I do eat small meals, but still get full! I eat four to five small meals a day, plus supplements and high-calorie drinks in between. Though lately I've found it made a change to not spread things out so much, so that when I come to a meal, it's been a good few hours since I last consumed anything. But I have gastroparesis, so even a tiny amount of food can fill me up. 

I know Coke's not healthy, but it's calories and it's my one vice. I don't smoke, don't drink alcohol, don't drink coffee, don't eat takeaways, etc. I had a couple of weeks without Coke when I was healing from the surgery, but usually I have a glass or two a day, and don't feel any ill effects from it. I was told by a doctor that Coke drunk at room-temperature helps settle the stomach. I know there are healthier things I could be drinking, but at the moment getting in more calories is my priority, and that's much easier to do if I like what I'm consuming.


----------



## UnXmas

javanov said:


> Well there isn't top medical evidence suggesting it helps active IBD, but they say that a low-FODMAP diet can help stave off a new flare-up.
> 
> The specific carb diet is another one which I'm sure you are aware of
> 
> That's nice and I get ya, it's a bit like baby food isn't it?

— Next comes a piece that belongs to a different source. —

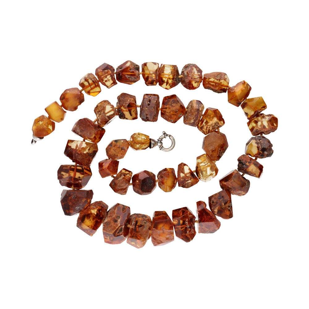 Rustic Amber Necklace with Insects in 925 Sterling Silver (KI14)

I mean it's nice in a mushy baby sort of way but yeah I yearn for the texture of food too, when I don't have it in solid form I mean.


I think my diet is limited enough as it is. I tried various strict diets that were supposed to help with symptoms in the past, and didn't find they helped at all. One of my gastroenterologists did suggest the FODMAP diet to me recently, but from what I read, it didn't sound convincing.


----------



## juggys69

UnXmas said:


> I know Coke's not healthy, but it's calories and it's my one vice. I don't smoke, don't drink alcohol, don't drink coffee, don't eat takeaways, etc. I had a couple of weeks without Coke when I was healing from the surgery, but usually I have a glass or two a day, and don't feel any ill effects from it. I was told by a doctor that Coke drunk at room-temperature helps settle the stomach. I know there are healthier things I could be drinking, but at the moment getting in more calories is my priority, and that's much easier to do if I like what I'm consuming.


 I agree with you about soda, as I have already said, and much the same, I get a lot of my actual needed daily calories from soda, I just don't agree on the Coke part. Like for cola I drink Pepsi.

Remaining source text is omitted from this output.